%%
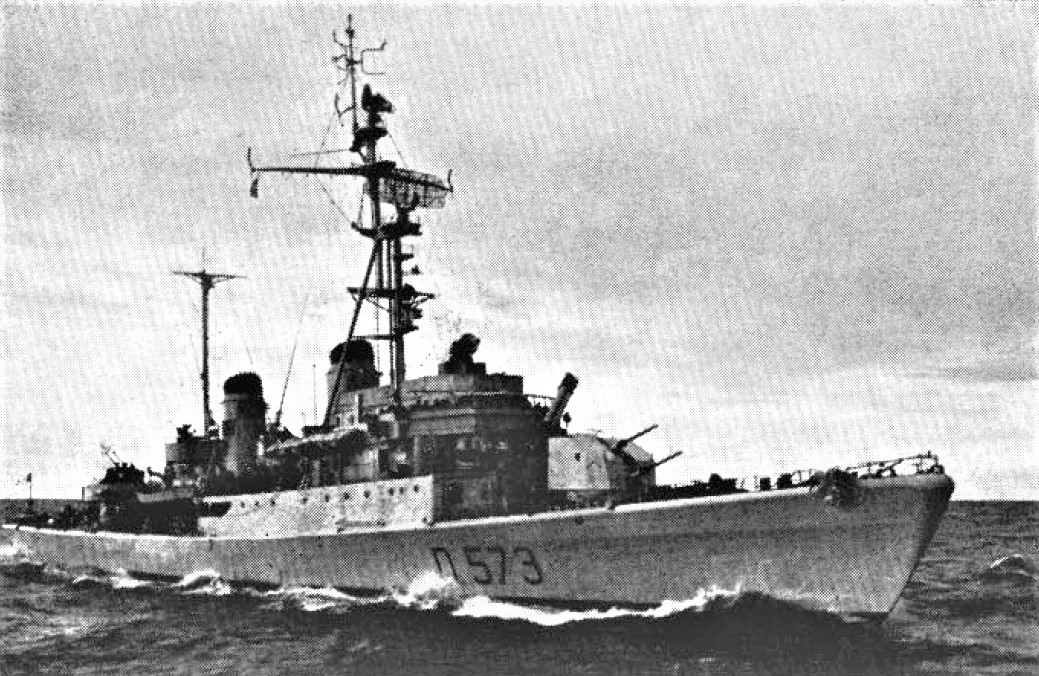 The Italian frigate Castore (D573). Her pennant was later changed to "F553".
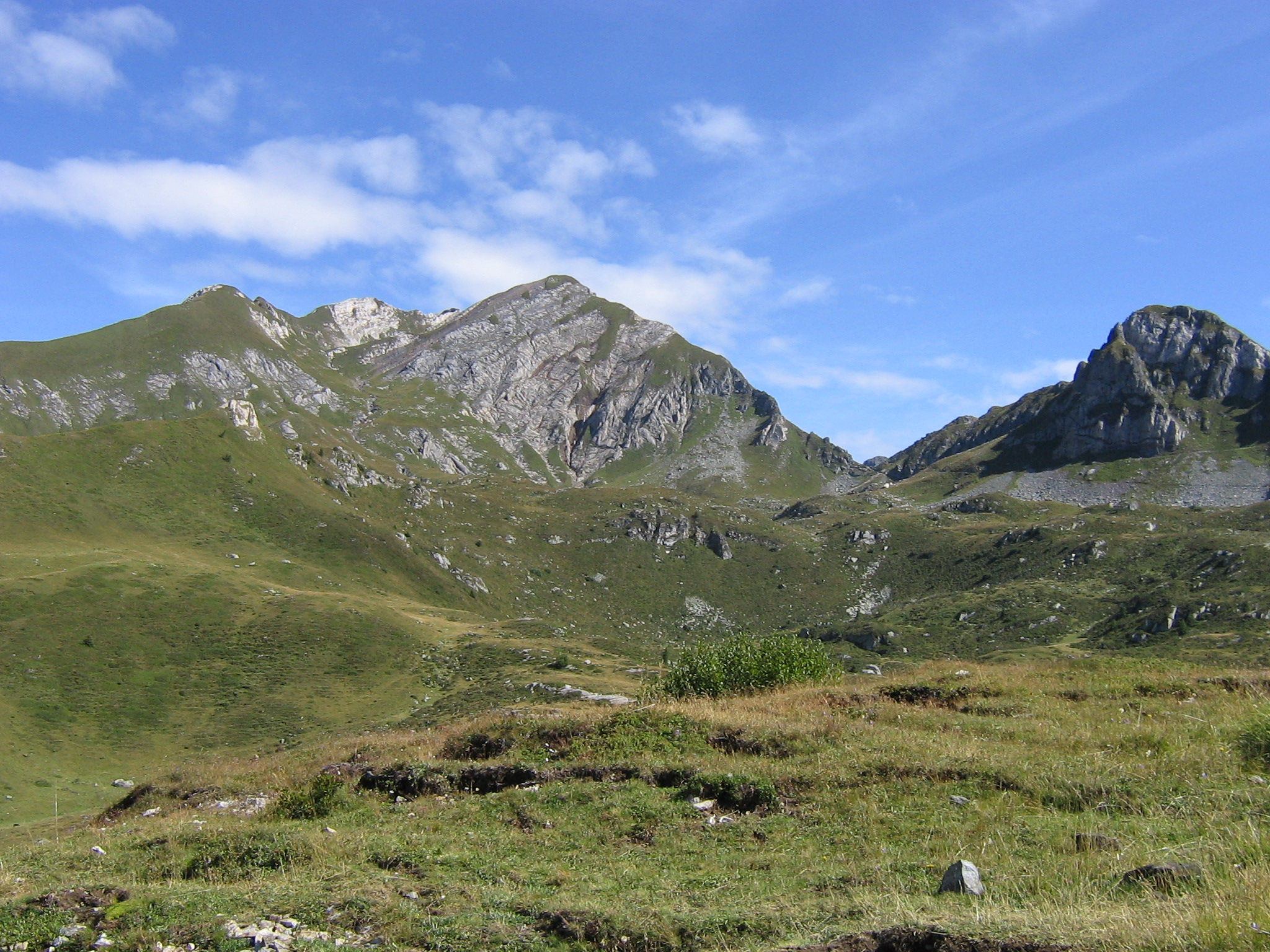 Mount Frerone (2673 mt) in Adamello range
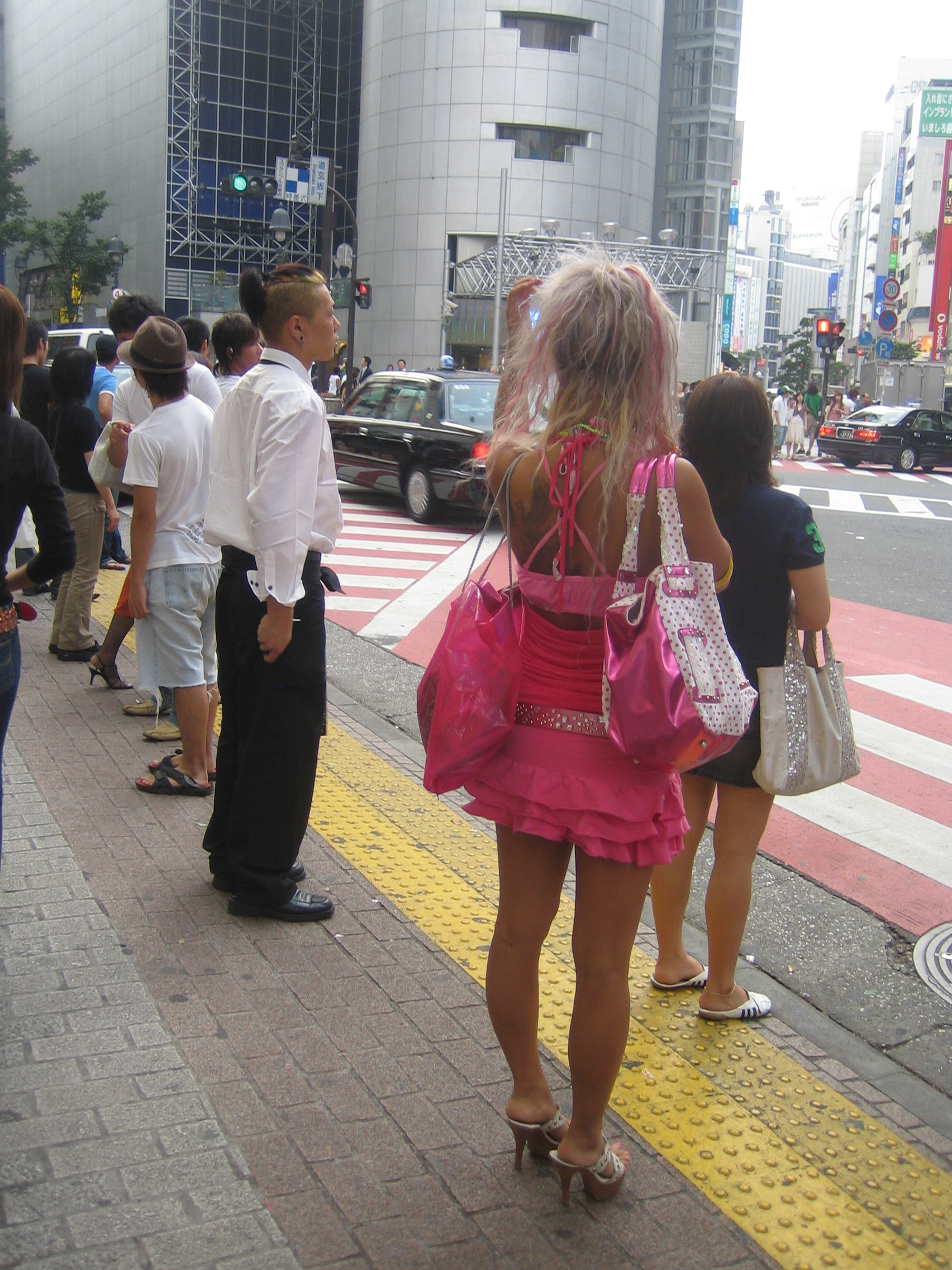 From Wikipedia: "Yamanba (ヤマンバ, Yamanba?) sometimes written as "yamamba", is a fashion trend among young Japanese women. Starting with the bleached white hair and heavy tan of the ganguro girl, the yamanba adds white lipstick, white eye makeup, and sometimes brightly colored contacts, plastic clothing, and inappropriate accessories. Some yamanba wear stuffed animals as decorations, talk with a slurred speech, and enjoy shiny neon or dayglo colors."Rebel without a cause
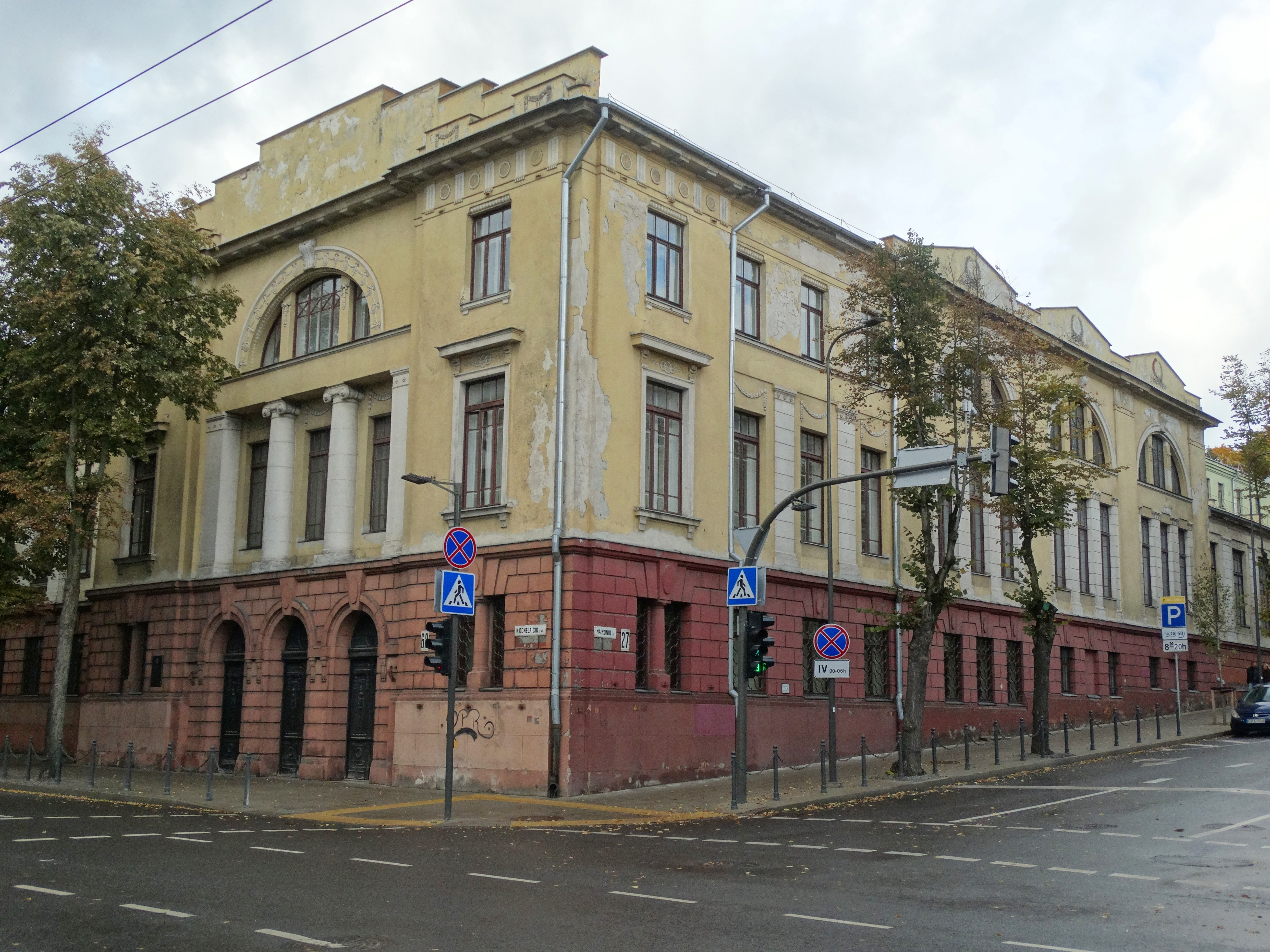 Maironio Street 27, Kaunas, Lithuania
%%
* [Problem to solve]: Without any pictures, output exactly the lines from the start of the material through the line that contains "Mount Frerone (2673 mt) in Adamello range", and only those.

* [Solution to this problem]:
 The Italian frigate Castore (D573). Her pennant was later changed to "F553".
 Mount Frerone (2673 mt) in Adamello range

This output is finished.